Creo que la mejor forma de usar estos transmisores es usar su codificador y su PLL

Luego el oscilador, puede ser el verónica o alguno que tenga buena calidad de sonido

Saludos


----------



## djchinomix (Ene 2, 2008)

Hola Dj Glenn, muy bueno el amplificador, voy a tratar de encontrar esos transistores jejeje.
Una consulta: que son esas cosas que estan en el esquema del amplificador marcados como FB1, FB2, FB3, FB4 y L4.

Saludos.....


----------



## Dano (Ene 2, 2008)

djchinomix dijo:
			
		

> Hola Dj Glenn, muy bueno el amplificador, voy a tratar de encontrar esos transistores jejeje.
> Una consulta: que son esas cosas que estan en el esquema del amplificador marcados como FB1, FB2, FB3, FB4 y L4.
> 
> Saludos.....



En link que te pasé lo dice.

http://en.wikipedia.org/wiki/Ferrite_bead

Saludos


----------



## djchinomix (Ene 2, 2008)

Si pero cual son los valores, porque en el diagrama no sale.


----------



## Dano (Ene 2, 2008)

djchinomix dijo:
			
		

> Si pero cual son los valores, porque en el diagrama no sale.



Algo de información te encontré, algo de ayuda es.

http://parts.digikey.com/1/parts/671867-ferrite-bead-1800-ohm-0603-bk1608lm182t.html


Hace un tiempo yo andube con ese mismo esquema, el cual luego de recalcular el costo de armarlo desistí.

VichoT hace un largo tiempo me dijo que los dos primeros se podían sustituir por transistores de propósito general como el BC548

Saludos


----------



## djchinomix (Ene 2, 2008)

Hola Dano.
Gracias por tu post.
Seria super bueno que los primeros transistores se pudieran cambiar por los BC548 porque los que salen en ese esquema no estan por aca para comprarlos.
¿ El 2N3866 se puede cambiar por un 2N4427 ?
Saludos...


----------



## DJ_Glenn (Ene 3, 2008)

y si todos los transistores son son bc548? no se obtendria 1 watt, pero ya se tendria suficiente potencia para excitar un 2sc1971 o similar... digo... para poder obtener cerca de 5 watts o más... bueno... nos fuimos de tema... estamos a jueves y no recibi ni noticias de ninguna de las casas de electronica donde compre los integrados y el grabador para el pic...

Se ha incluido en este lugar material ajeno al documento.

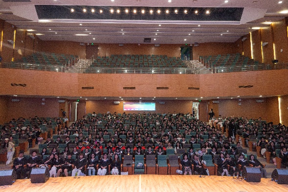 典礼尾声,毕业生代表领唱歌曲《那些年》,全场师生挥动手机灯光合唱。熟悉旋律响起,校园里的晨读、实验室的钻研、操场上的笑闹,一一浮现。典礼在“毕业快乐,前程似锦”的欢呼声中圆满落幕。

solo me queda sentarme a esperar...

Alguien mas que arme este pll?

Los Ferrite Bead no son criticos en su valor (supongo...)... si miras dentro de tu pc, seguro vas a encontrar un buen ejemplo de estos puentes de ferrite. A veces estan en el terminal de un componente o en un puente... se ve mucho, sobre todo en tarjetas de video, modems y motherboards...


----------



## djchinomix (Ene 3, 2008)

Hola Dj Glenn.
Esos Ferrite Bead que dices que se encuentran en las placas madres de los pc's son los mismos para el circuito o tienen que tener un valor especial.
Saludos........


----------



## DJ_Glenn (Ene 4, 2008)

Insisto, desconozco si tienen o no valor, pero asumo que no, que solo estan ahi por filtraje (puede que este meando fuera del tarro... pero por muy lejos).

Me preguntaba sobre este esquema http://hem.passagen.se/communication/pic/fm_500.gif . Usa un LMX2306, integrado que por aca no existe, ni quieren que exista. Como hacer para meterle este pll?.


----------



## Fogonazo (Ene 8, 2008)

Este esquema emplea un IC que existe, caro (11 U$) pero existe.

Ademas incluye el OFV con entrada para modulacion, primera y segunda etapa de potencia.
No estoy seguro, pero debe rondar los 10W o mas watts de potencia.


----------



## DJ_Glenn (Ene 9, 2008)

Fogonazo,El MC145151 está mucho muy recontra dificil de conseguir en mi ciudad... hasta me dicen que no existe... pero yo se que si... los equipos M31 lo usan jeje y está por debajo de los 10 dólares en Buenos Aires. El UPB517 no se que tan caro será, pero parace un reemplazo al prescaler MC14017 de motorola... cuyo valor monetario supera al primer integrado mencionado.

De cualquier manera, el VCO de este circuito se ve muy completo y accesible para emplear en nuestro proyecto.

De cualquier manera, aca hay un circuito mucho más simple: http://electronics-diy.com/schematics/TX200_PLL.jpg

A proposito, me preguntaba que tan grave sería eliminar C8 (75pF) y separar el resto del circuito (a partir de C9 a la derecha) montandolo en un segundo circuito impreso... solo por comodidad...


----------



## Fogonazo (Ene 10, 2008)

E MC14017 es un divisor por 10 pero es de frecuencia relativamente baja, si lo quieres husar como preescaler de la frecuencia de salida del transmisor no te va a funcionar.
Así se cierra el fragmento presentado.